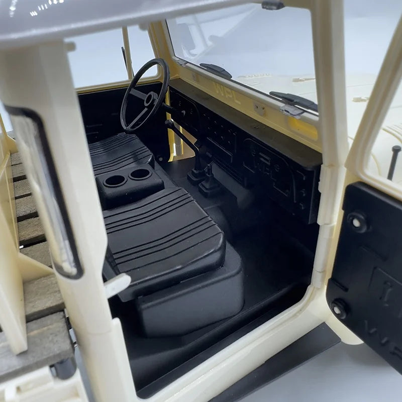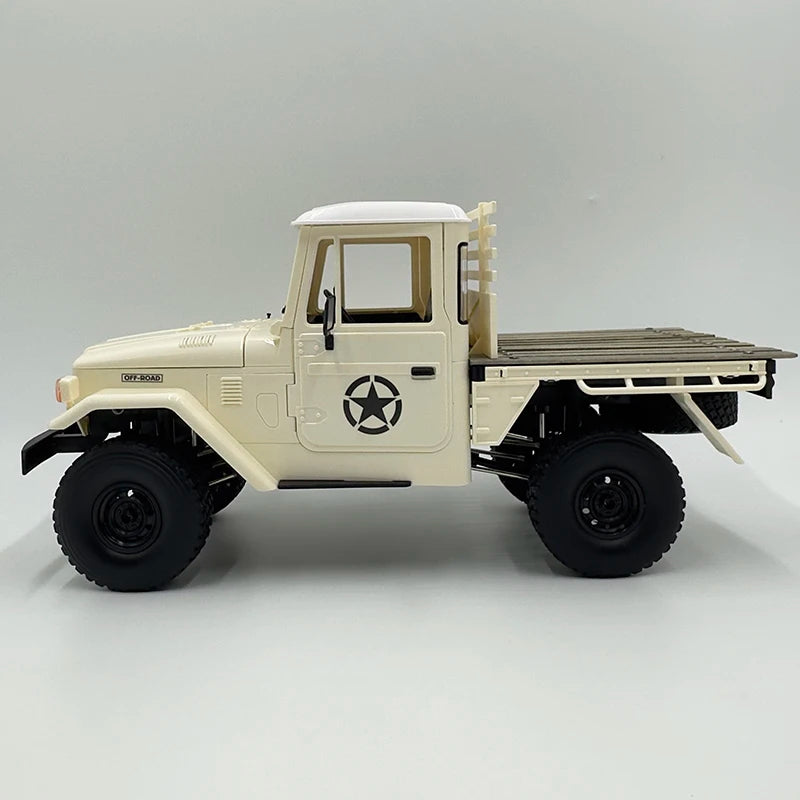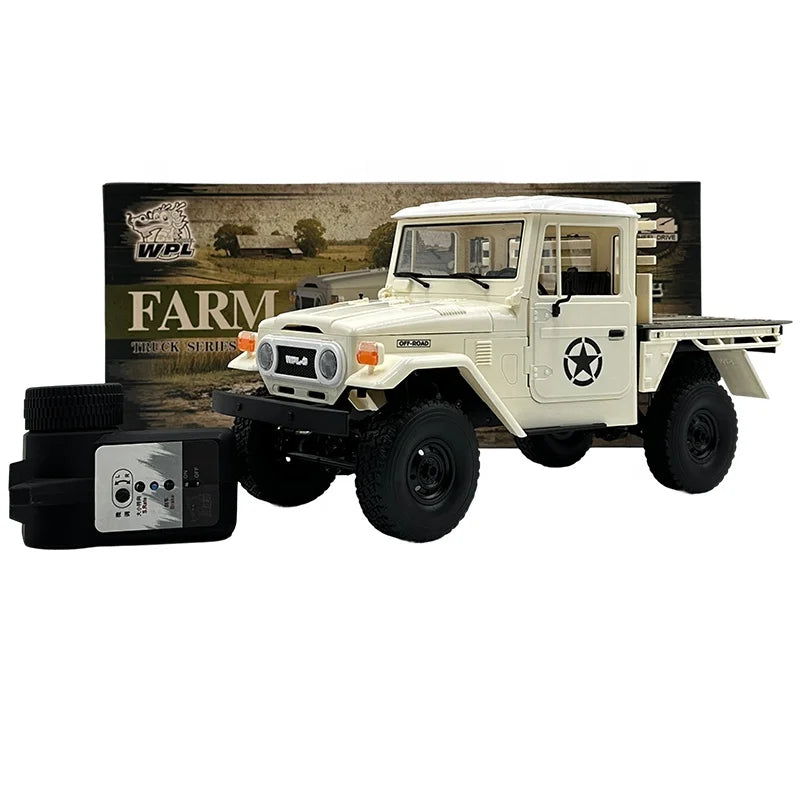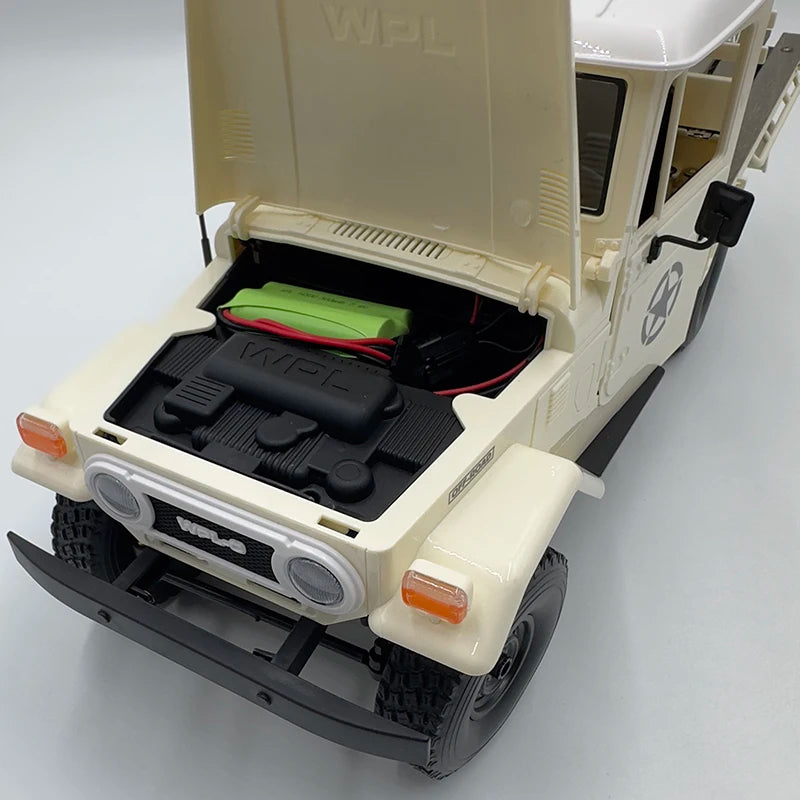 The WPL C-44 1/16 4WD Off-Road RC Climbing Car delivers rugged off-road performance with military styling. Powered by a 370 motor and a 7.4V 500mAh lithium battery, it achieves speeds up to 10 km/h with precision proportional control. Featuring a 4WD system, simulated suspension, USB charging, and durable ABS + metal construction, this RC crawler is designed for both beginner hobbyists and serious enthusiasts. With forward, backward, left/right turning, and proportional throttle, it handles rough terrain with ease while maintaining realistic looks
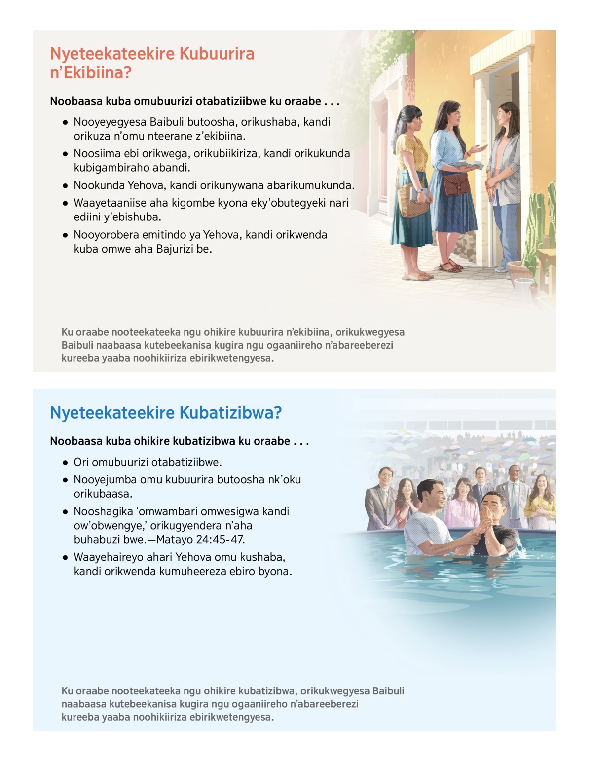 Ku oraabe nooteekateeka ngu ohikire kubatizibwa, orikukwegyesa Baibuli naabaasa kutebeekanisa kugira ngu ogaaniireho n’abareeberezi kureeba yaaba noohikiiriza ebirikwetengyesa.
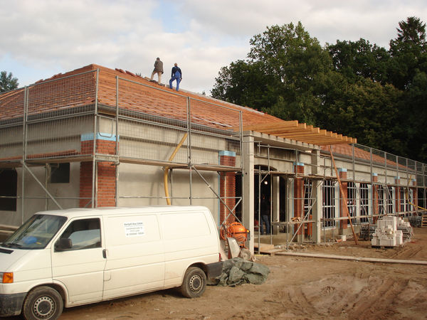 Der Rohbau samt dem Dach ist zwischenzeitlich fertig gestellt und wir hoffen auf eine Inbetriebnahme der neuen Fertigungsstätte bis Ende des ersten Quartals 2009.
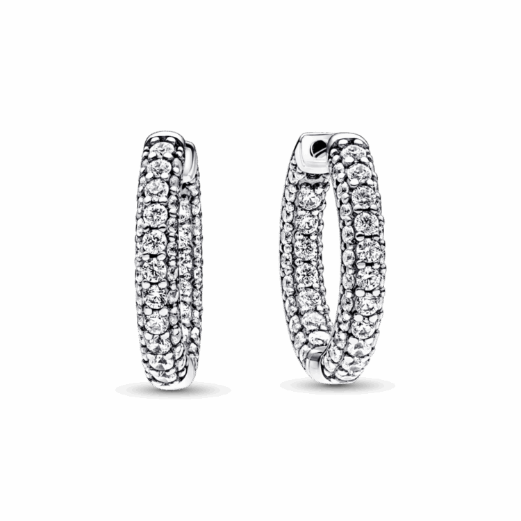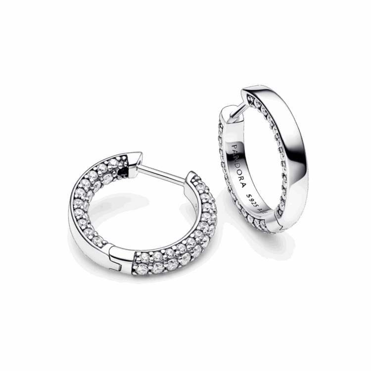 הוסיפי מגע של זוהר ללוק היומיומי שלך עם עגילי חישוק שורה-יחידה של פאווה מקולקציית Pandora Timeless. עגילי חישוק אלה עוצבו מכסף סטרלינג כאשר הצדדים הפונים קידמה בתוך החישוקים ומחוץ להם משובצים בשורה אחרת של זירקוניה קובית שקופה במורד המרכז ושורה אחת במורד כל צד, באופן הלוכד את האור מכל זווית. בגב החישוקים יש משטח פשוט מלוטש. סגנני אותם בפני עצמם או עם תכשיטי פאווה אחרים מקולקציית Timeless כדי להשיג אפקט מרבי.
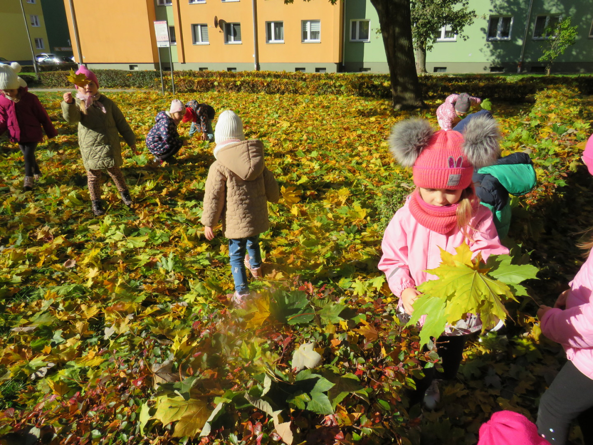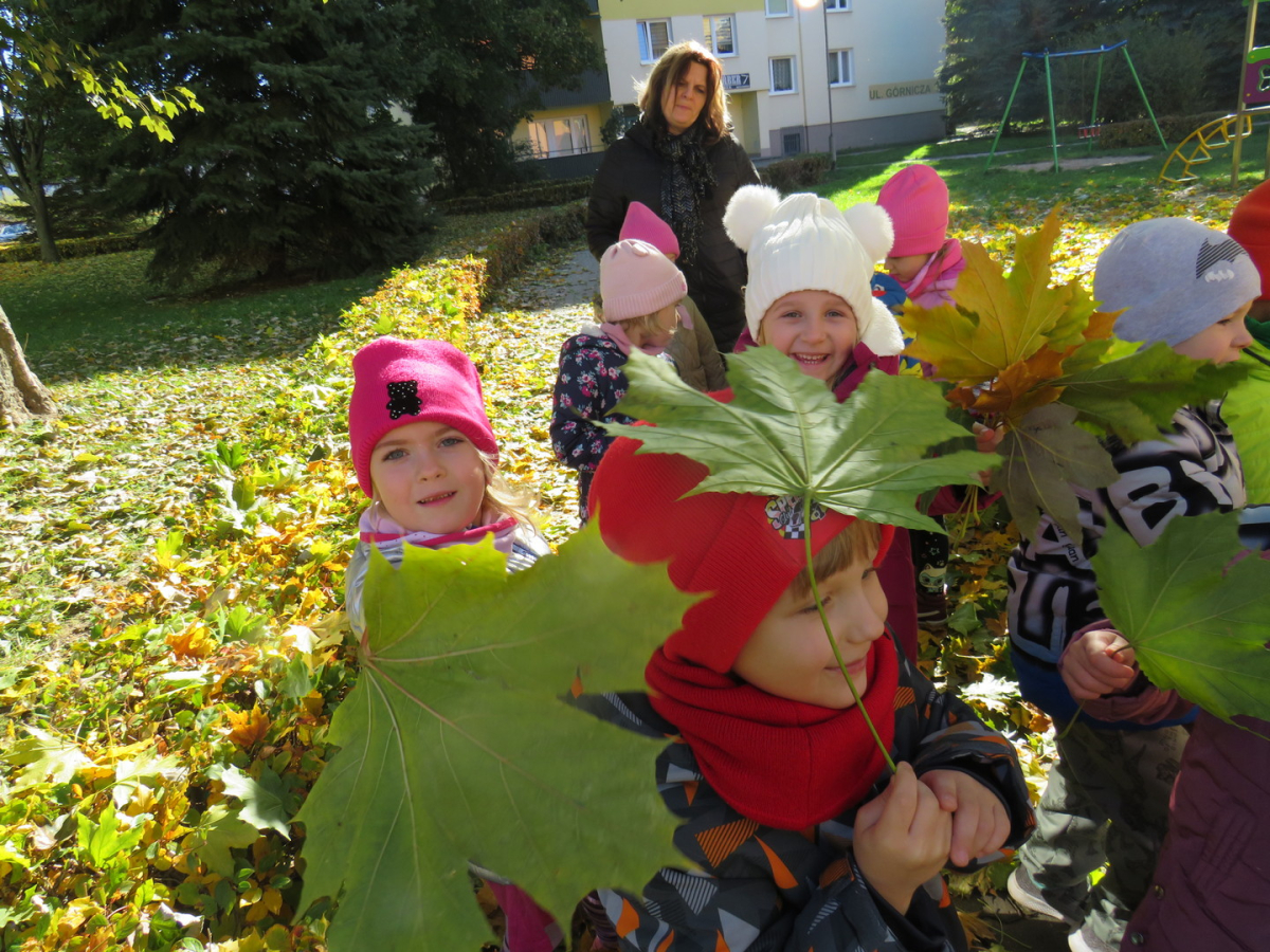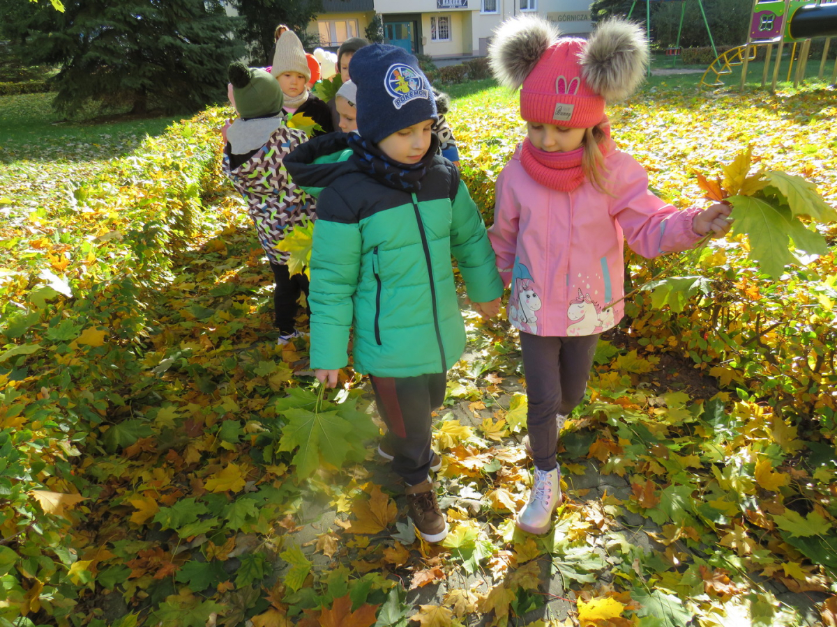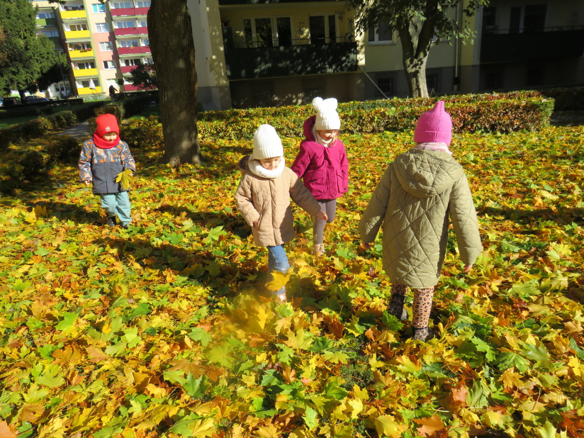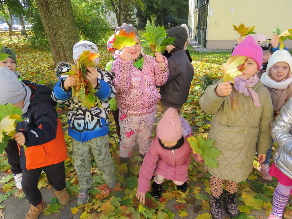 Jesień to piękna i kolorowa pora roku. Podczas spacerów dzieci lubią szukać pod drzewami kolorowych liści. Można tez spotkać ciekawe osoby. Z każdego spaceru przynosimy piękne bukiety oraz miłe wspomnienia.
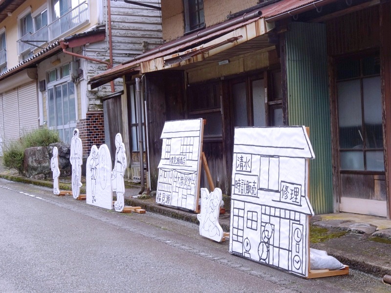 そのひとつは、明石工業高等専門学校の学生さんによる、町なみを再現したパネルの展示と、カフェの提供。カフェの建物は高専の先輩が7年前にリノベーションしたもので、鉱山稼働時には居酒屋「思ひ出」だった場所です。
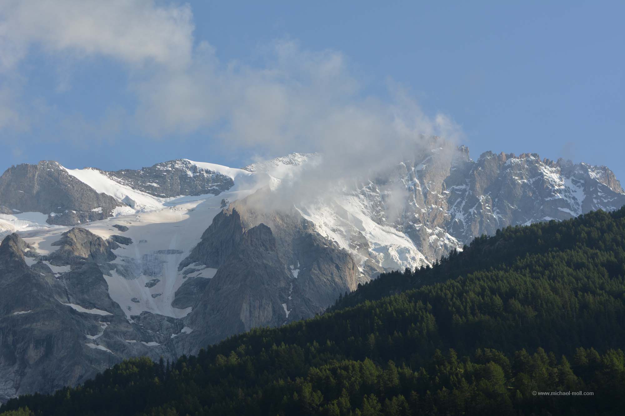 Nach einer ruhigen Nacht spazierten wir auch am nächsten Morgen nochmals durch Chamonix, denn das Wetter war nun deutlich besser und der Mont Blanc zeigte sich in seiner vollen Pracht. Auf den Fotos die wir machten, stellten wir aber erst im Nachhinein fest, dass wir sogar Wandergruppen auf dem Mont Blanc fotografierten bzw. sehen konnten.
* * * * * * * * *
Repeat the records word for word. Any picture in them should be left out.

**Expected answer**
 The WPL C-44 1/16 4WD Off-Road RC Climbing Car delivers rugged off-road performance with military styling. Powered by a 370 motor and a 7.4V 500mAh lithium battery, it achieves speeds up to 10 km/h with precision proportional control. Featuring a 4WD system, simulated suspension, USB charging, and durable ABS + metal construction, this RC crawler is designed for both beginner hobbyists and serious enthusiasts. With forward, backward, left/right turning, and proportional throttle, it handles rough terrain with ease while maintaining realistic looks
 Ku oraabe nooteekateeka ngu ohikire kubatizibwa, orikukwegyesa Baibuli naabaasa kutebeekanisa kugira ngu ogaaniireho n’abareeberezi kureeba yaaba noohikiiriza ebirikwetengyesa.
 Der Rohbau samt dem Dach ist zwischenzeitlich fertig gestellt und wir hoffen auf eine Inbetriebnahme der neuen Fertigungsstätte bis Ende des ersten Quartals 2009.
 הוסיפי מגע של זוהר ללוק היומיומי שלך עם עגילי חישוק שורה-יחידה של פאווה מקולקציית Pandora Timeless. עגילי חישוק אלה עוצבו מכסף סטרלינג כאשר הצדדים הפונים קידמה בתוך החישוקים ומחוץ להם משובצים בשורה אחרת של זירקוניה קובית שקופה במורד המרכז ושורה אחת במורד כל צד, באופן הלוכד את האור מכל זווית. בגב החישוקים יש משטח פשוט מלוטש. סגנני אותם בפני עצמם או עם תכשיטי פאווה אחרים מקולקציית Timeless כדי להשיג אפקט מרבי.
 Jesień to piękna i kolorowa pora roku. Podczas spacerów dzieci lubią szukać pod drzewami kolorowych liści. Można tez spotkać ciekawe osoby. Z każdego spaceru przynosimy piękne bukiety oraz miłe wspomnienia.
 そのひとつは、明石工業高等専門学校の学生さんによる、町なみを再現したパネルの展示と、カフェの提供。カフェの建物は高専の先輩が7年前にリノベーションしたもので、鉱山稼働時には居酒屋「思ひ出」だった場所です。
 Nach einer ruhigen Nacht spazierten wir auch am nächsten Morgen nochmals durch Chamonix, denn das Wetter war nun deutlich besser und der Mont Blanc zeigte sich in seiner vollen Pracht. Auf den Fotos die wir machten, stellten wir aber erst im Nachhinein fest, dass wir sogar Wandergruppen auf dem Mont Blanc fotografierten bzw. sehen konnten.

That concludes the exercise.